## [EXERCISE DETAILS]
Within the records below, find the line with "МЗП 1USB Hoco" and the line with "Sunday, January 18th", then reproduce exactly those two lines and all lines between them, without any picture.

## [DATASET RECORDS]
*****
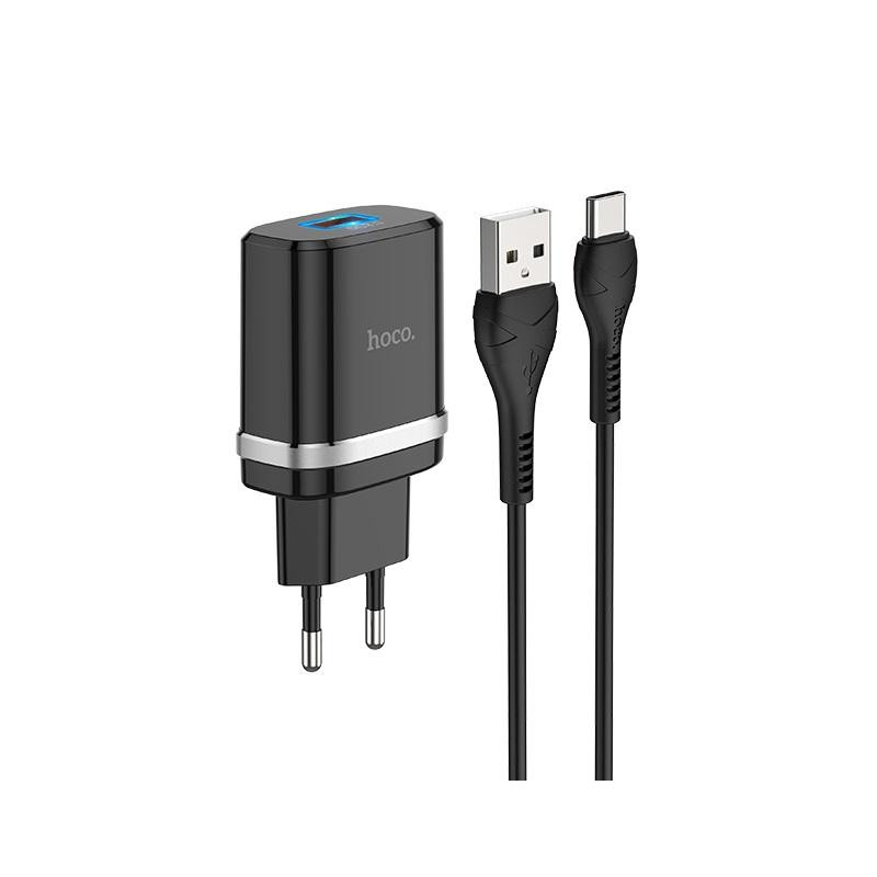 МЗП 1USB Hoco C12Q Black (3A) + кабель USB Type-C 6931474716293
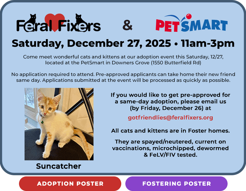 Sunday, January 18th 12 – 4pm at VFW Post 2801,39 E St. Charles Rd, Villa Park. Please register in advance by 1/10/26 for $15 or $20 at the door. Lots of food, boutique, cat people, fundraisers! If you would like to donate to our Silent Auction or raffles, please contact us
*****
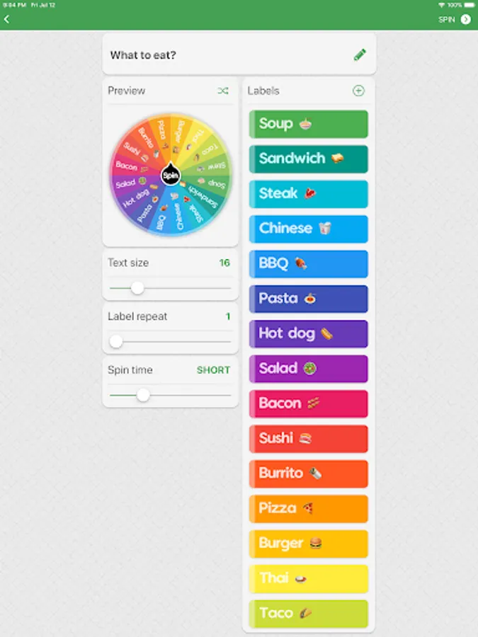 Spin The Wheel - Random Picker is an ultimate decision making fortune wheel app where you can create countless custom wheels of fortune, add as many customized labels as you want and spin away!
*****
## [SOLUTION]
 МЗП 1USB Hoco C12Q Black (3A) + кабель USB Type-C 6931474716293
 Sunday, January 18th 12 – 4pm at VFW Post 2801,39 E St. Charles Rd, Villa Park. Please register in advance by 1/10/26 for $15 or $20 at the door. Lots of food, boutique, cat people, fundraisers! If you would like to donate to our Silent Auction or raffles, please contact us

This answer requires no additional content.